Marion Langer Award
This award was established in honor of former executive director of the American Orthopsychiatric Association, Dr. Marion Langer and recognizes distinction in social advocacy and the pursuit of human rights. Dr. Langer, who had a PhD in sociology from New York University, was an expert on widowhood. She served on the boards of the Bazelon Center for Mental Health Law, in Washington, and the National Coalition Against Censorship. She was the executive director of Ortho from 1953 until she retired in 1988.
Dr. Judith Torney-Purta receives the Marion Langer Award from Dr. Oscar A. Barbarin, Co-Editor of the American Journal of Orthopsychiatry, Ortho President, 2003-2004, and Co-President, 2001-2002. |
2011 Marion Langer Award Recipient
Dr. Judith Torney-Purta
Judith Torney-Purta, PhD, is Professor of Human Development at the University of Maryland. Dr. Torney-Purta was honored for her leadership in the generation and diffusion of knowledge about the prevalence and antecedents of democratic concepts, values, and attitudes among early adolescents in numerous societies around the world.
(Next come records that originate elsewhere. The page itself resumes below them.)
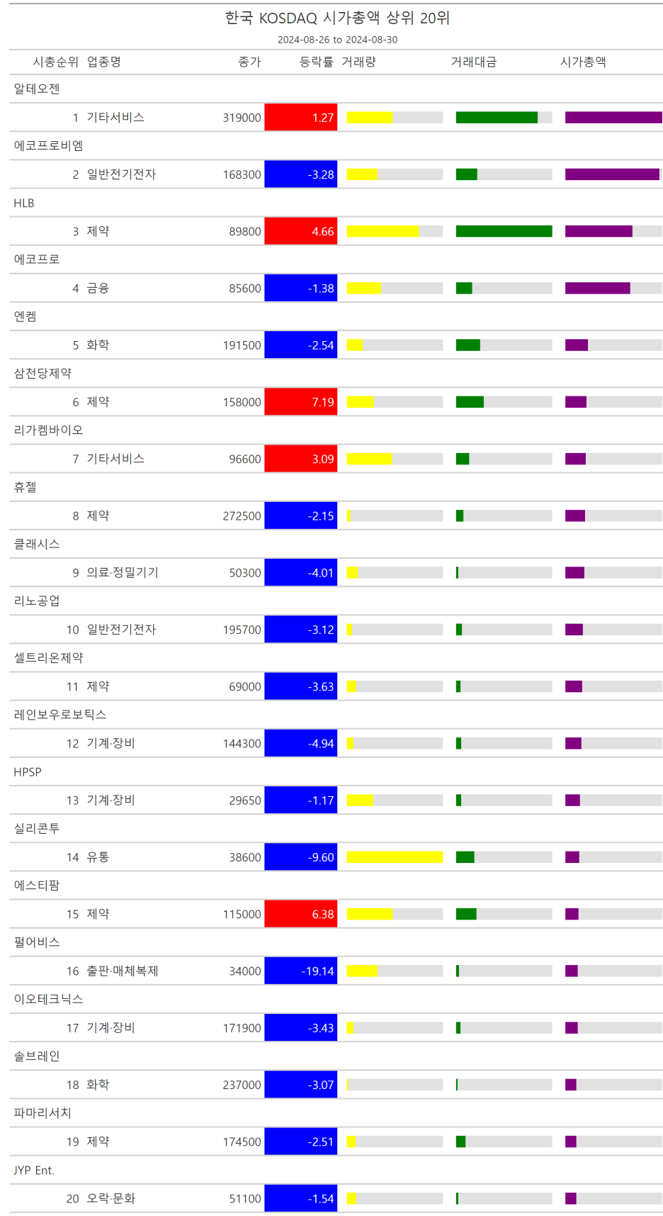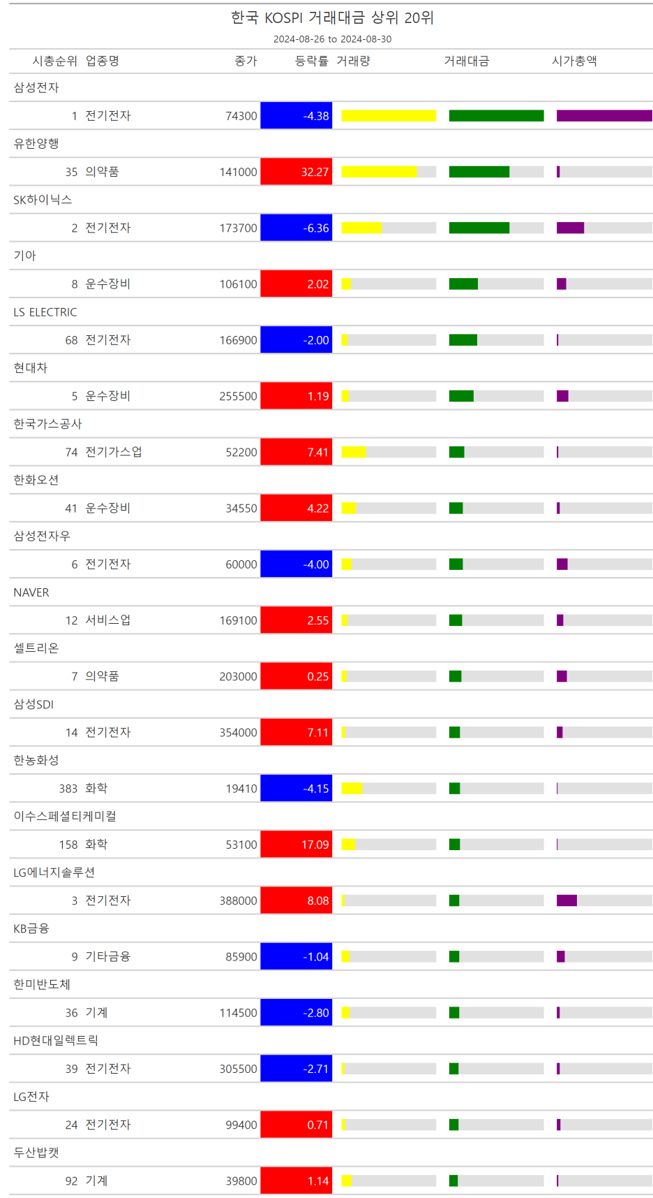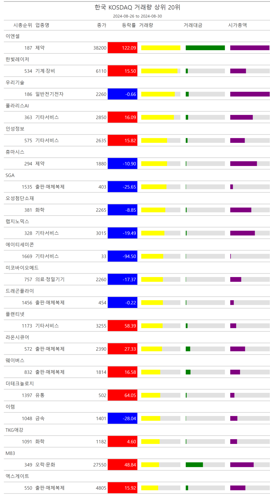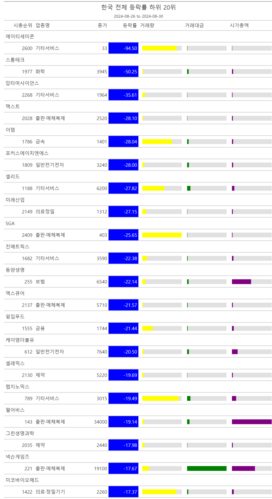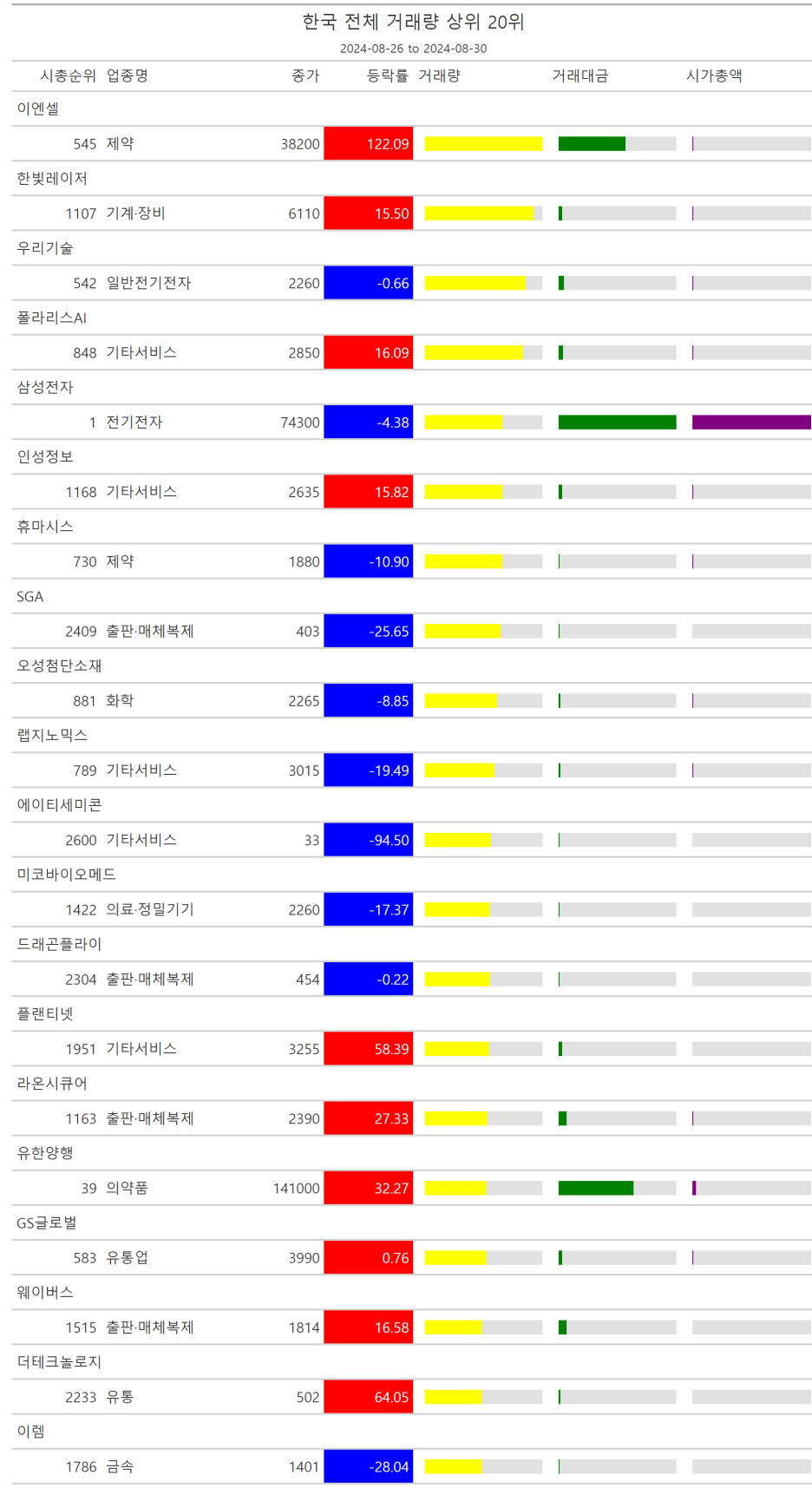 주간레이스, 2024년 8월 4주 한국(한국전체, 시가총액, 거래대금, 거래량, 등락률 상(하)위)
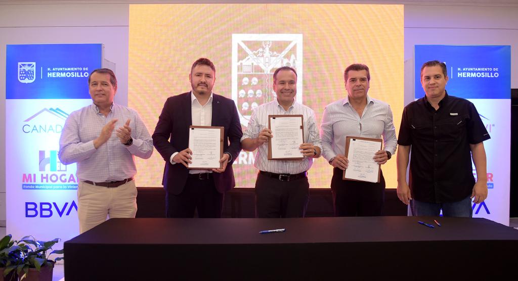 Trabajadoras y trabajadores del Ayuntamiento de Hermosillo tendrán por primera vez la oportunidad de adquirir, refinanciar o remodelar una vivienda luego de la firma de convenio del Presidente Municipal, Antonio Astiazarán, con representantes de la Cámara de la Industria de Desarrollo y Promoción de Vivienda (CANADEVI Sonora) y el banco BBVA Bancomer.
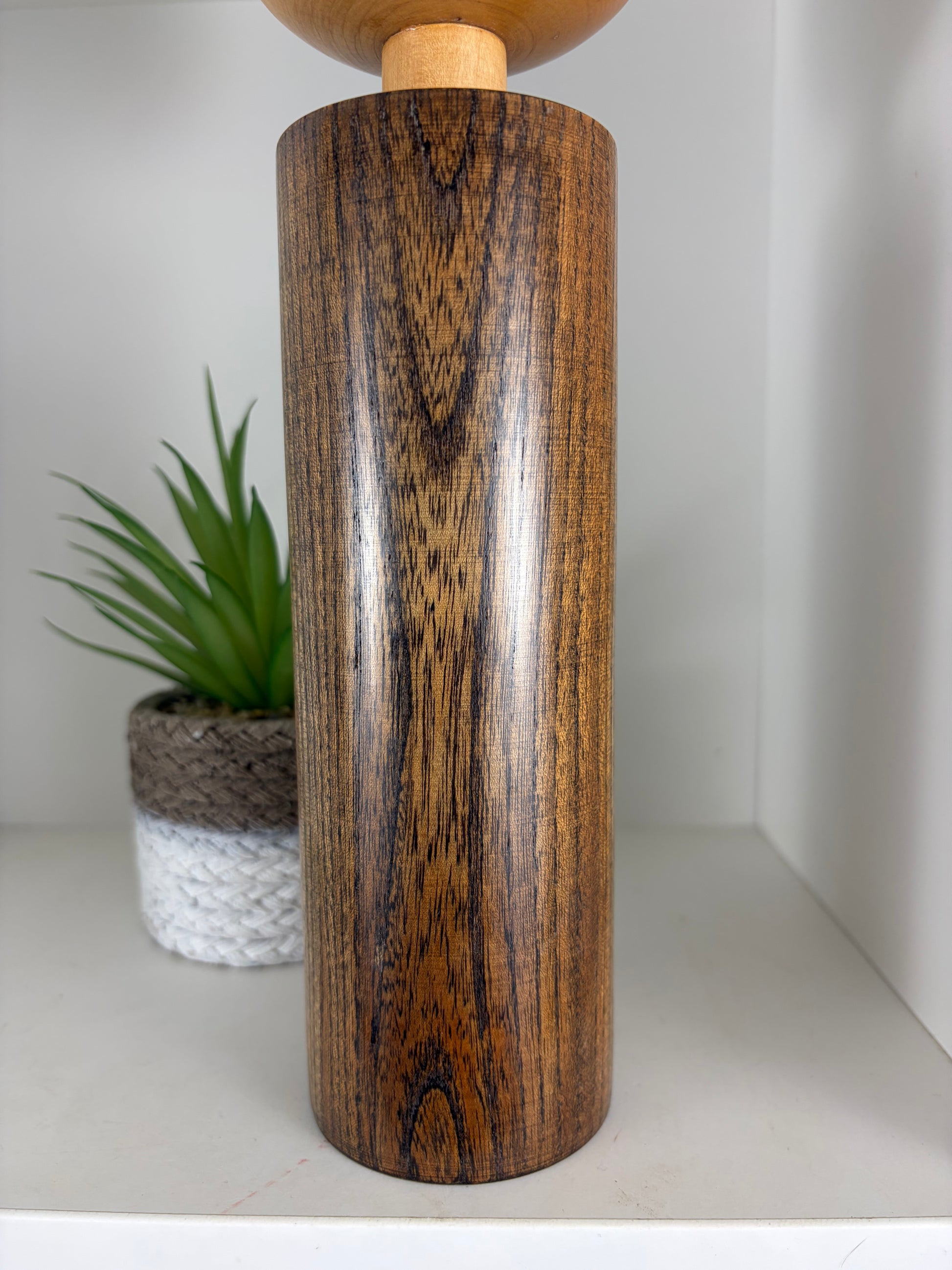 This elegant kokeshi doll is a refined example of the work of Takahashi Hashime, a respected Japanese kokeshi artist known for his emphasis on natural wood grain and restrained, poetic decoration. The doll features a tall, cylindrical body topped with a softly rounded head, creating a calm and dignified silhouette.

In landmark cross-national studies at times of enormous global change, Dr. Torney-Purta has been preeminent in her contributions to cross-cultural understanding of the factors involved in young people's readiness to promote human rights and social justice. She also has led coincident global assessments of civic education. In so doing, Dr. Torney-Purta and her colleagues have documented the common shortcomings of young people's preparation for meaningful exercise of citizenship and for their tolerance of such self-expression by others.
Taken together, these studies provide important lessons for education of children and adolescents in both advanced and emerging democracies — lessons that Dr. Torney-Purta herself has applied in curriculum development for international audiences.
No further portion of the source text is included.